Introduction

Atherosclerosis is a chronic inflammatory process triggered by accumulation of cholesterol-containing low-density lipoprotein (LDL) particles in the arterial wall. Major etiologic factors include hyperlipidemia, hypertension, diabetes, and cigarette smoking, all of which are thought to initiate and promote vascular inflammation. The notion of atherosclerosis as an inflammatory disease has emerged based on observations of immune activation and inflammatory signaling in human atherosclerotic lesions, inflammatory biomarkers as independent risk factors for cardiovascular events, and an LDL-induced immune activation.

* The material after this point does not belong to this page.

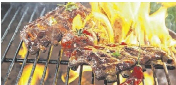
Frische Grillkreationen warten.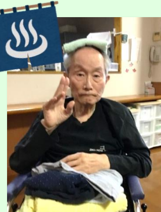
これから入浴タイム

The use of animal models of atherosclerosis, such as hyperlipidemic rabbits and mice lacking either apolipoprotein E (ApoE -/- ) or the LDL receptor (LDLr -/- ), has provided major mechanistic insight into the basic mechanisms of atherosclerosis.

Initiation of Atherosclerosis

Atherosclerosis is initiated by the infiltration of apolipoprotein B (apoB)-containing LDL in the arterial wall ( Fig. 4.1 ). Atherosclerotic lesions preferentially occur in arterial bifurcations and when the caliber of the arterial tree changes. The switch from a laminar longitudinal to a turbulent flow at those sites will lead to a local recirculation and consequently increased concentrations of plasma LDL adjacent to the luminal surface. As a result, an increased radial LDL transport will occur into the arterial wall, where LDL can be retained by proteoglycans. Endothelial cells are sensitive to shear stress and the frictional force generated by blood flow. Whereas the normal laminar shear stress may be atheroprotective, a disturbed flow activates proinflammatory transcriptional programs in endothelial cells, which participate in the initiation of the inflammatory reaction at sites prone to develop atherosclerotic lesions. In addition, endothelial dysfunction hampers the barrier function of this cell layer, leading to increased influx of cholesterol-containing lipoproteins into the arterial intima.

FIG. 4.1, Cellular mechanisms of atherosclerosis. (1) Low-density lipoprotein (LDL) is retained in the vascular wall, where it is modified by oxidation. (2) Oxidized LDL (oxLDL) stimulates endothelial cells to express adhesion molecules, which (3) induces leukocyte adhesion and recruitment. (4) Infiltrating monocytes differentiate into macrophages that (5) take up oxLDL and become foam cells. (6) Dendritic cells and macrophages present antigens to T cells. (7) Macrophage death, for example by apoptosis, creates a lipid-filled necrotic core. Note also the presence of mast cells within the lesion. Tertiary lymphoid organs (TLOs) in the adventitia are also depicted (see text for details).

Modification of the retained LDL by, for example, oxidation, may serve as an initiating stimulus for inflammatory reactions, by being recognized as a so-called danger-associated-molecular-pattern (DAMP). Specific pattern recognition, such as toll-like receptor (TLR) activation by oxidized LDL, subsequently stimulates endothelial cells to express adhesion molecules. Oxidatively modified LDL particles induce endothelial cell surface expression of leukocyte adhesion molecules such as E-selectin, intercellular adhesion molecule (ICAM)-1, and vascular cell adhesion molecule (VCAM)-1, which bind to their ligands sialyl-Lewis X , integrins CD11/18, and VLA-4, expressed on leukocytes. The combinatorial expression of endothelial adhesion molecules and leukocyte integrins and selectins provides a sophisticated regulation of the inflammatory process and determines the type and place for recruitment of a certain type of myeloid or lymphoid cell during atherosclerosis development as depicted in Fig. 4.1 .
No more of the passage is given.